The outer surface 20 may also include a first vertical surface 24 that extends downward in the vertical direction toward the roadway 1 and may span the width of the cover panel 12. The angle of the first vertical surface 24 with respect to the top surface 26 is different than the angle of the top surface 26 with respect to the angled surface 28. The first vertical surface 24 may intersect a plane of the top surface 26 at an angle depending on the shape of the parapet 2 to be covered. Further, the dimensions of the first vertical surface 24 may correspond with the dimensions of the corresponding portion of the parapet 2 to be covered by the cover panel 12. The intersection of the planar first vertical surface 24 and the planar top surface 26 may have a rounded or square elbow or corner.

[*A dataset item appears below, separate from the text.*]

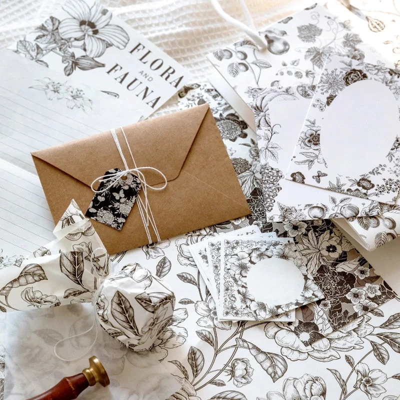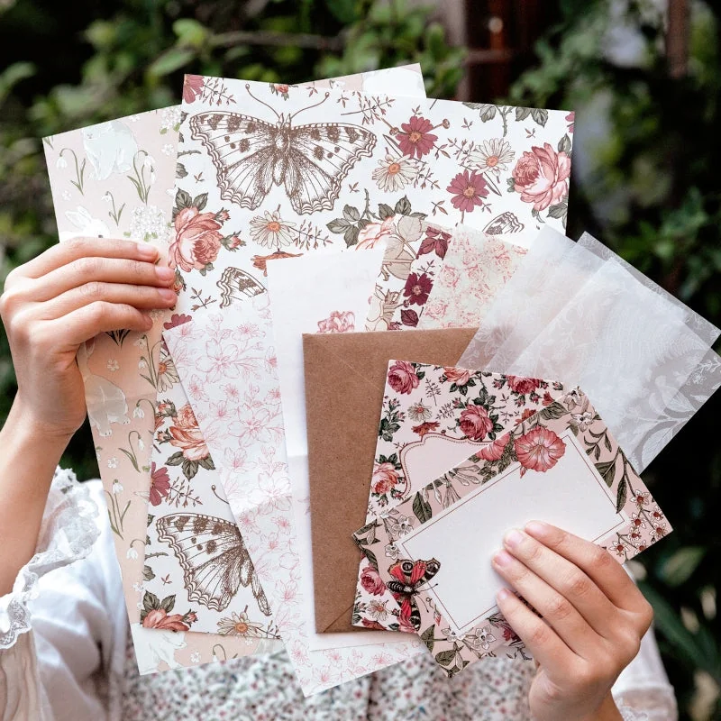 Crafted with utmost care, this pack boasts a medley of materials, including Washi, lightweight paper, and tracing paper. The eight sheets of high-quality paper provide a smooth and sturdy surface for your creative expressions. Enhance your designs with the collage cards, sticky notes, tags, and stickers, featuring a total of 20 charming vintage elements, including roses, lilies, ferns, etc. Two sheets of letter paper and a kraft envelope complete the set, making it perfect for heartfelt correspondence.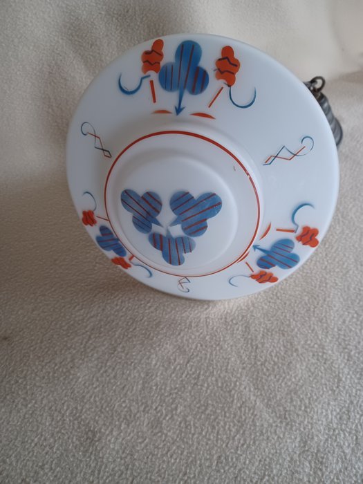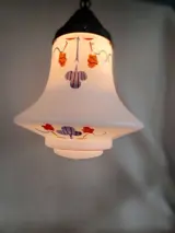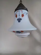 Prachtige Art Nouveau Hanglamp met melkglazen en sierlijke motieven.

In some implementations, the outer surface 20 may include a second vertical surface extending 23 downward from the first vertical surface 24 and may span the width of the cover panel 12. The second vertical surface 23 may intersect a plane of the first vertical surface 24 at an angle depending on the shape of the parapet 2 to be covered. Further, the dimensions of the second vertical surface 23 may correspond with the dimensions of the corresponding portion of the parapet 2 to be covered by the cover panel 12.
In some implementations, the outer surface 20 may include a lower vertical surface 22 extending downward in the vertical direction from the second vertical surface 23 and may span the width of the cover panel 12. A plane of a lower vertical surface 22 may intersect a plane of the second vertical surface 23 at an angle depending on the shape of the parapet 2 to be covered. Further, the dimensions of the lower vertical surface 22 may correspond with the dimensions of the corresponding portion of the parapet 2 to be covered by the cover panel 12. The lower vertical surface 22 may be perpendicular to the roadway 1. The lower vertical surface 22 may include a lower ultimate edge 30, which may be flat and may be parallel to and face the roadway 1.
The outer surface 20 may include bends or edges which may be round or squared at the intersection of respective planes or surfaces (e.g., lower vertical surface 22, second vertical surface 23, first vertical surface 24, top surface 26 and angled surface 28).
The inner surface 21 or back of the panel 12, which is opposite to the outer surface 20 and faces the concrete of the parapet 2 when installed, may consist of surfaces that are parallel to and correspond with respective portions of the outer surface 20 thereby corresponding to the shape of the parapet 2. The cover panel 12 may be doubled walled for stability and durability. In one example, one wall is the outer surface 20 and another wall is the inner surface 21. Further, the cover panel 12 may have a predetermined thickness.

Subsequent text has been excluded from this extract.